● **ABOUT THIS TASK**
Repeat exactly the line that contains "Ci troviamo all’interno" and every line after it, down to the last line of the entries below. Do not include pictures.
»»
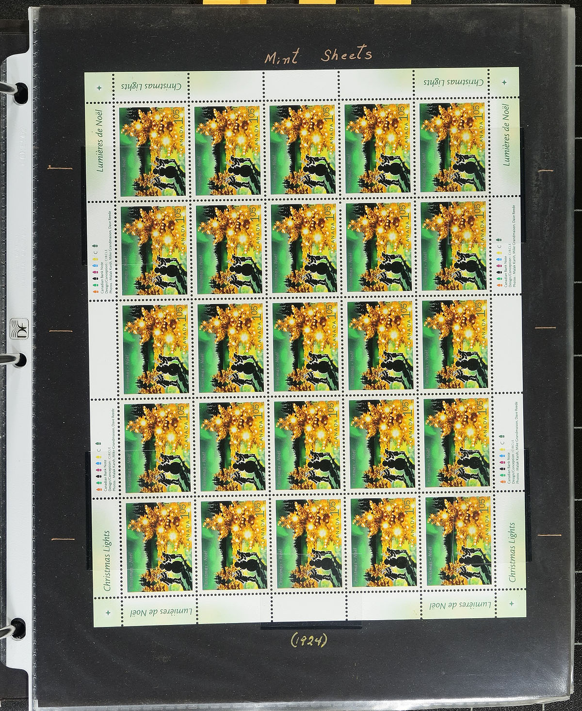 Highly specialized collection of Christmas 2001 issues, covering Unitrade #s 1922-1924, all in hingeless mounts on over 50 well described pages, housed in a binder. The collection contains mint and used singles (including booklet stamps), matched set of mint and used plate blocks, booklets, used booklet panes, and a full mint and used sheet, for every issue. The collection also includes 25 first day covers (single and block frankings), with one official cover for each issue, with the rest receiving Burnaby, B.C. postmarks from various postal outlets. Face value alone totals $146.00. A lovely collection that would be difficult to duplicate. 2024 Unitrade =
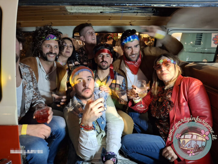 Ci troviamo all’interno dell’immensa Discoteca Formula, dove il brand ha riservato tutti gli spazi per ospitare diversi mezzi foodtruck e attrazioni varie… tra queste, il nostro inimitabile PhotoBooth con le ruote: uno stupendo pulmino Volkswagen bianco-rosso predisposto per accogliere a bordo tutti gli ospiti acconciati in perfetto stile hippie per scattare indimenticabili foto! Il party è invaso dallo spirito Flower Power e nel nostro furgoncino vintage gli scatti non si sprecano… a fine serata saranno oltre 1.200! 😮
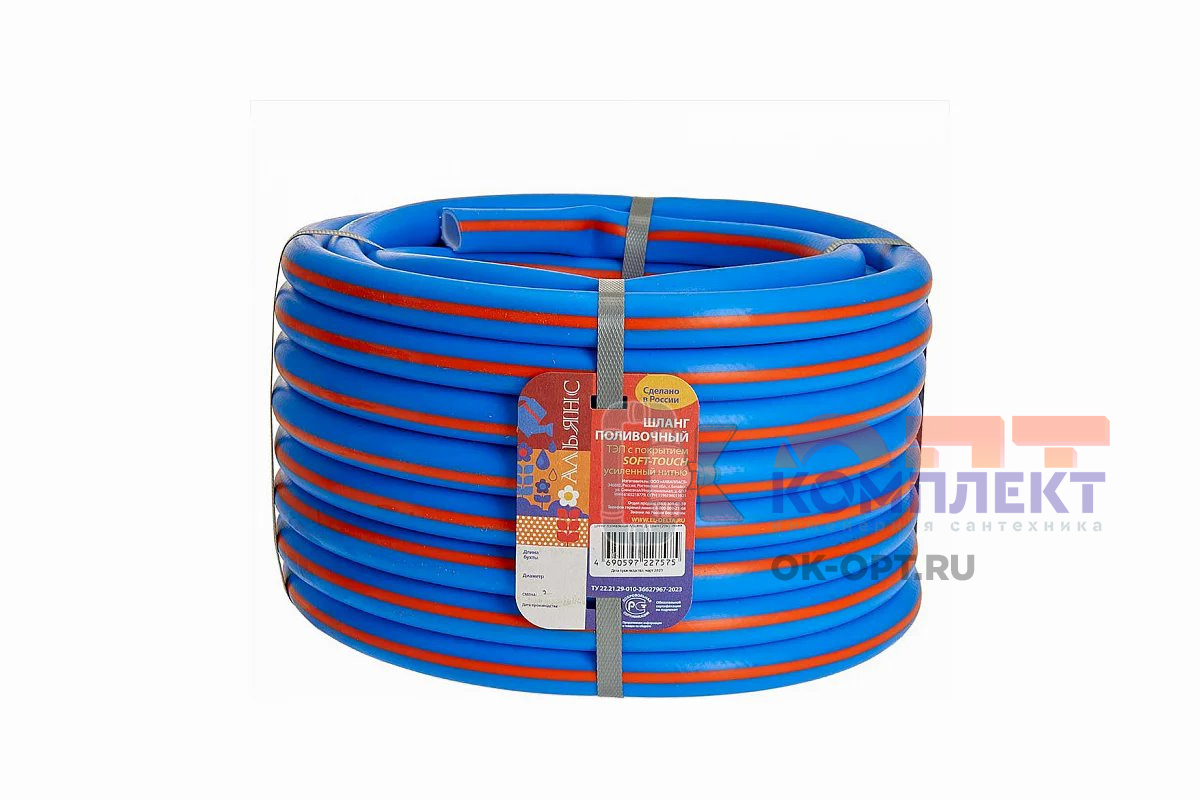 Шланг полив ТЭП с покрытием Soft-touc 3/4" (18-20мм) армированный, синий (бухта 20м)
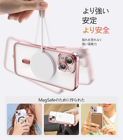 ・【MagSafeに対応·強磁力】このアイホン15ケースを使用することで、より高速かつ便利なワイヤレス充電を体験できます。38個のN52磁石が内蔵されており、通常の磁気ケースよりも磁力が10倍強力です。自動的にMagSafe充電器に合わせることができ、ケースを外さずに本来の充電スピードを体験できます。すべてのMagSafeアクセサリに対応できます。
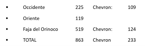 La producción de crudo durante la última semana promedió 863 mil barriles por día (863 Mbpd), distribuida geográficamente como sigue:
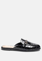 Croc Patterned Faux Leather Mules with metallic buckles on top are all trendy. The high-quality mules from London Rag are worth every dollar spent.
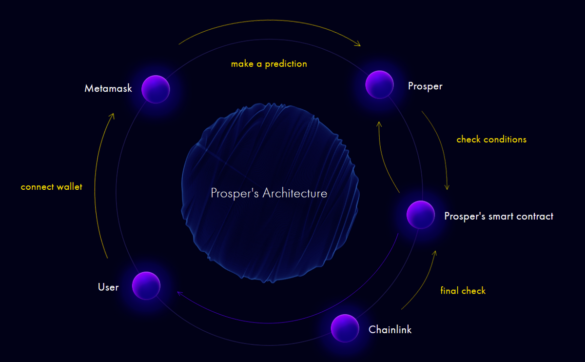 Рынки прогнозирования основываются на обработке огромного потока данных, которые могут служить основой для принятия решений. Подробнее о рынках предсказаний и других проектах в этой области вы можете найти в одной из наших предыдущих статей. В экосистеме Prometeus создана ориентированная на управление данными платформа Prosper — некастодиальный межсетевой рынок для краткосрочного прогнозирования и хеджирования на основе Binance Smart Chain.
««
● **WRITTEN ANSWER**
 Ci troviamo all’interno dell’immensa Discoteca Formula, dove il brand ha riservato tutti gli spazi per ospitare diversi mezzi foodtruck e attrazioni varie… tra queste, il nostro inimitabile PhotoBooth con le ruote: uno stupendo pulmino Volkswagen bianco-rosso predisposto per accogliere a bordo tutti gli ospiti acconciati in perfetto stile hippie per scattare indimenticabili foto! Il party è invaso dallo spirito Flower Power e nel nostro furgoncino vintage gli scatti non si sprecano… a fine serata saranno oltre 1.200! 😮
 Шланг полив ТЭП с покрытием Soft-touc 3/4" (18-20мм) армированный, синий (бухта 20м)
 ・【MagSafeに対応·強磁力】このアイホン15ケースを使用することで、より高速かつ便利なワイヤレス充電を体験できます。38個のN52磁石が内蔵されており、通常の磁気ケースよりも磁力が10倍強力です。自動的にMagSafe充電器に合わせることができ、ケースを外さずに本来の充電スピードを体験できます。すべてのMagSafeアクセサリに対応できます。
 La producción de crudo durante la última semana promedió 863 mil barriles por día (863 Mbpd), distribuida geográficamente como sigue:
 Croc Patterned Faux Leather Mules with metallic buckles on top are all trendy. The high-quality mules from London Rag are worth every dollar spent.
 Рынки прогнозирования основываются на обработке огромного потока данных, которые могут служить основой для принятия решений. Подробнее о рынках предсказаний и других проектах в этой области вы можете найти в одной из наших предыдущих статей. В экосистеме Prometeus создана ориентированная на управление данными платформа Prosper — некастодиальный межсетевой рынок для краткосрочного прогнозирования и хеджирования на основе Binance Smart Chain.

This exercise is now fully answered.